Congratulations, George Bush!

With the sale of the Tampa Bay Devil Rays and the subsequent firing of the only general manager in the team’s history, Chuck LaMar–he of the .400 winning percentage over the team’s 8 seasons–the field has been cleared for the Bush administration to take sole possession of first place in the “least accountable organization” standings.

Manifest failure? Sickening incompetence? Take a bow, Donald Rumsfeld. Smile while you’re picking up your consulting check, Brownie. If you worked for anyone else–even the new and improved Tampa Bay Devil Rays–you’d be out of a job. As someone more clever than I put it, “Not only does the buck not stop there–it doesn’t even slow down!” Well, it’s finally landed, for the Devil Rays, at least.

Next step for the Devil Rays: setting some goals. Any kind of goals.

Perjury

Well, we’ve found out what it takes to get Congressmen pissed off about being lied to under oath these days: .289/.371/.516, with 569 home runs, 1834 RBI, and 3018 hits. The chair of the House Committee on Government Reform, Tom Davis III, has asked for information from MLB about Rafael Palmeiro’s positive steroids test. The committee is expected, says Congressional Quarterly, “to pay close attention to the timeline in baseball records” to determine whether the juice might have been responsible for the convincing bristle in Palmeiro’s mustache as he denied ever having been juiced.

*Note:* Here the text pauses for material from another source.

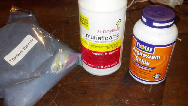 Paso 2: Componentes: grafito, dióxido de titanio, óxido de Mangesium, ácido clorhídrico, cloruro de aluminio y Urea
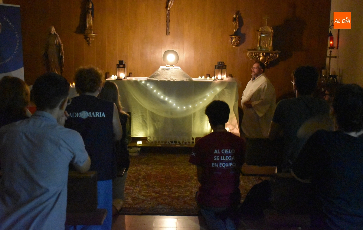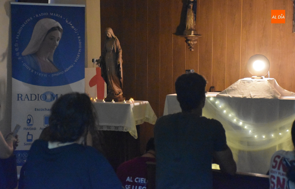 Al hilo de ello, se ofrecieron algunos testimonios, antes de entrar en una solemne parte de adoración por parte de los jóvenes de Shekinah, con cánticos y rezos, ante el Santísimo Sacramento (con la imagen de Reina justo al lado), que fue presidida por el diácono permanente Daniel Mielgo.

Us ordinary folk, we just have to settle for writing a letter to the editor when we’re outraged. Congress is special. They can do something! They can order Palmeiro to shave that mustache and let them test every hair if they get a mind to.

You close followers of Congress in the audience will note that this is the first time Congress has paid close attention to anything since their surprisingly close interest in Mary Carey’s gubernatorial campaign.

And it’s the first time Congress has been outraged over possible perjury since the good ol’ innocent days in the summer of 1998, when, so a reliable source tells me, the most-searched terms of the online posting of the Starr Report at a certain major daily newspaper were “Sosa” and “anal.”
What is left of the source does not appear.